PROBLEM DESCRIPTION:
From the material below, copy exactly the lines beginning with the one that contains "CLEAN & CLEAR" and ending with the one that contains "2024届福建省泉州市高中毕业班质量检测(一)生物答案"; the pictures stay out.

EXERCISE DATA:
- Opening Delimiter -
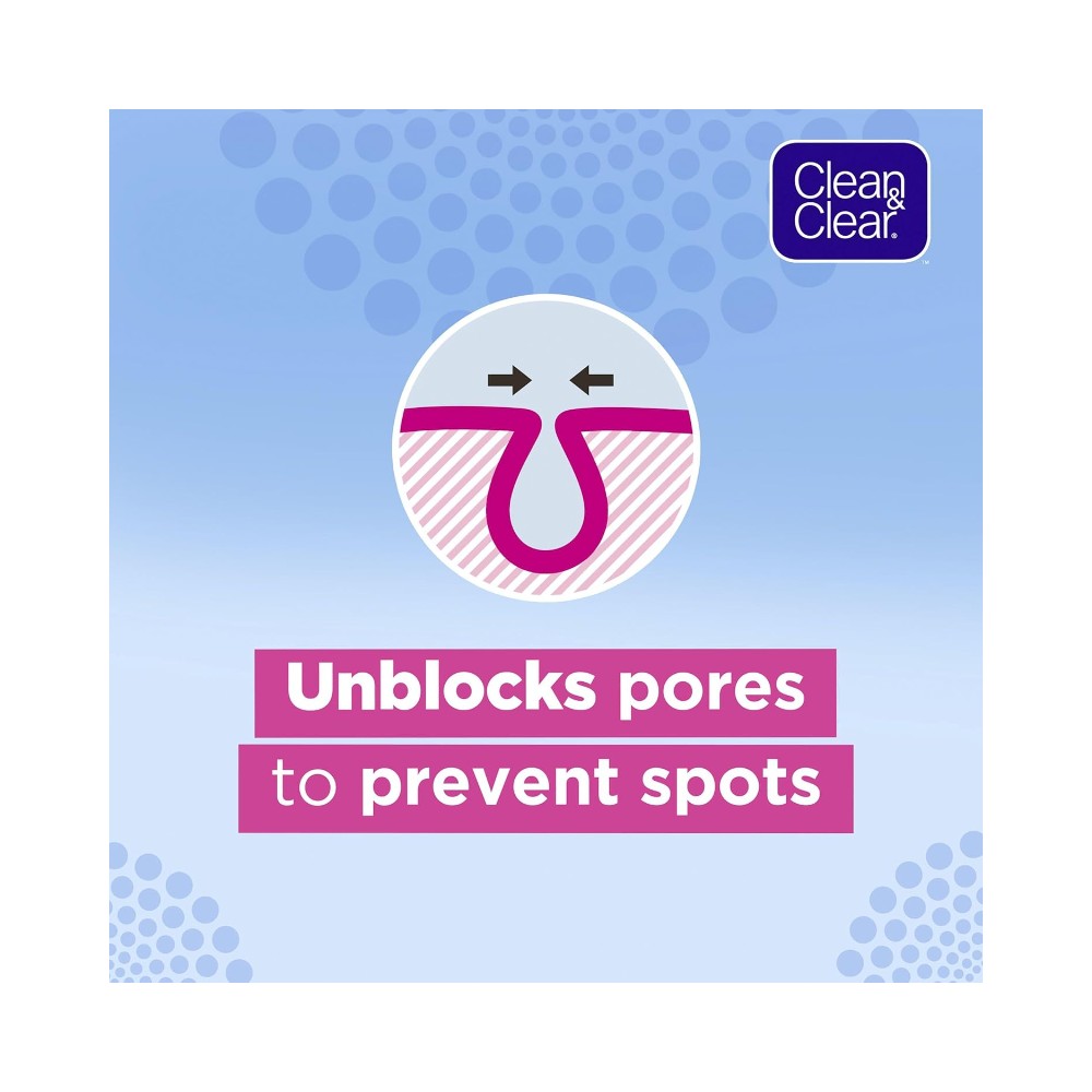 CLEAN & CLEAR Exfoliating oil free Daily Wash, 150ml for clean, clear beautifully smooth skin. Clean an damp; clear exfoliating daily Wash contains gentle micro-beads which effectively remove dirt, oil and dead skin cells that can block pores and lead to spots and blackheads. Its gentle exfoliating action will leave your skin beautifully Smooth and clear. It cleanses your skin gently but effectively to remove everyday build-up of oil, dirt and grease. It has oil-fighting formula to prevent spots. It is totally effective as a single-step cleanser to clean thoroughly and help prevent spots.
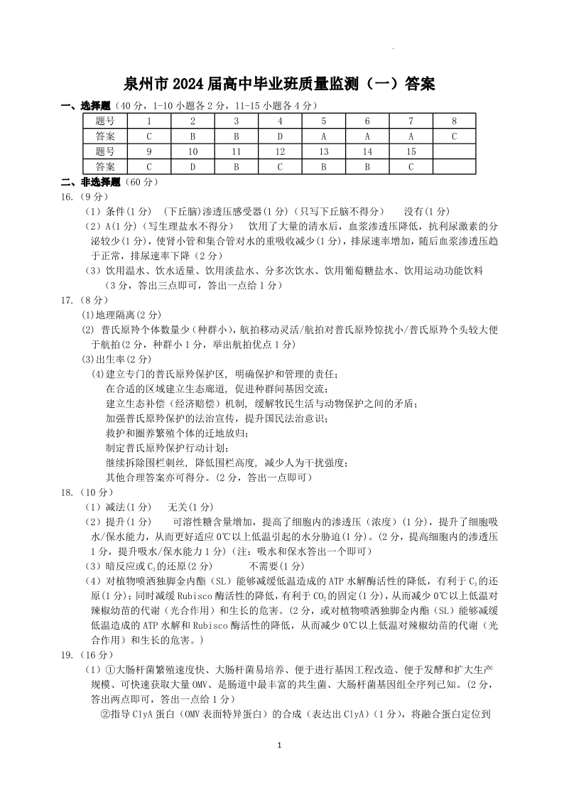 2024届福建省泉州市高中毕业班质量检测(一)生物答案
- Closing Delimiter -
- Opening Delimiter -
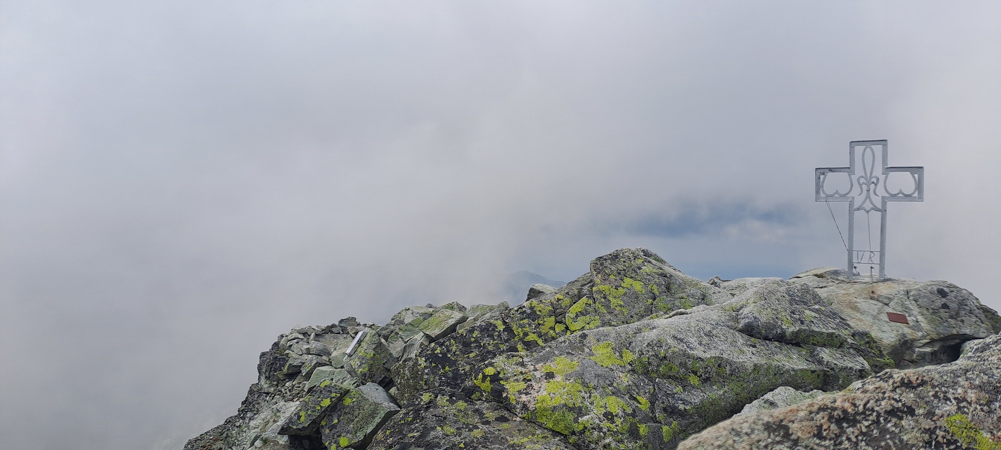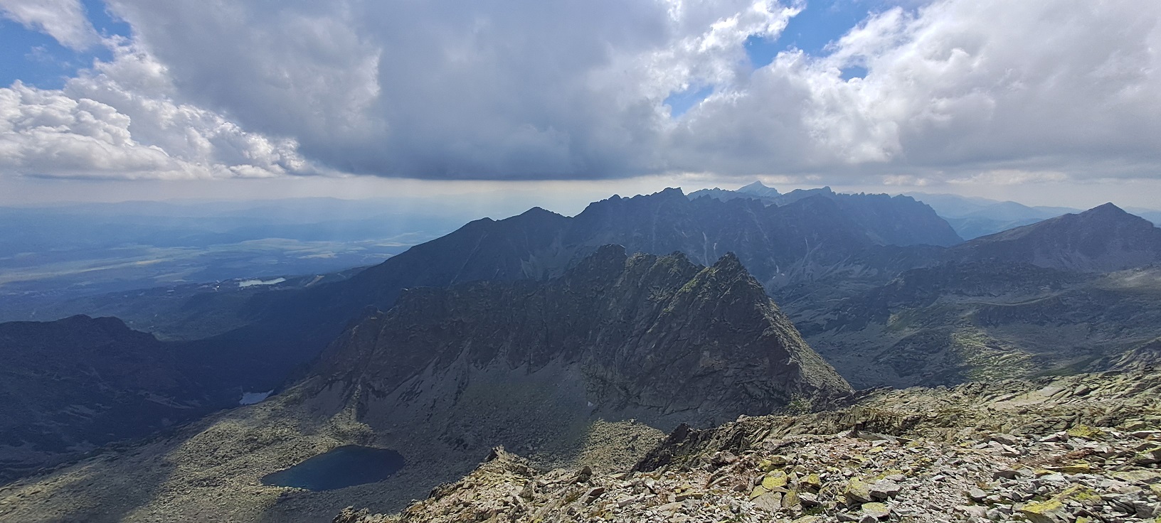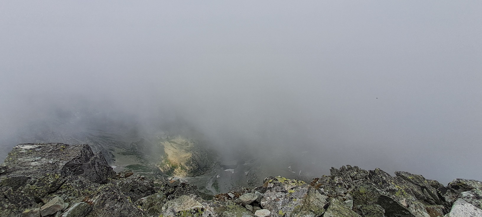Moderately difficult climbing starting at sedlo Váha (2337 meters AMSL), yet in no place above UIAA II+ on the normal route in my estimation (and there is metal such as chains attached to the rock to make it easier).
- Closing Delimiter -
- Opening Delimiter -
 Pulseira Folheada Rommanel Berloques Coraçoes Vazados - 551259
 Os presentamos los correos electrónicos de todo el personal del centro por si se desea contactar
- Closing Delimiter -
THE COMPLETED TASK:
 CLEAN & CLEAR Exfoliating oil free Daily Wash, 150ml for clean, clear beautifully smooth skin. Clean an damp; clear exfoliating daily Wash contains gentle micro-beads which effectively remove dirt, oil and dead skin cells that can block pores and lead to spots and blackheads. Its gentle exfoliating action will leave your skin beautifully Smooth and clear. It cleanses your skin gently but effectively to remove everyday build-up of oil, dirt and grease. It has oil-fighting formula to prevent spots. It is totally effective as a single-step cleanser to clean thoroughly and help prevent spots.
 2024届福建省泉州市高中毕业班质量检测(一)生物答案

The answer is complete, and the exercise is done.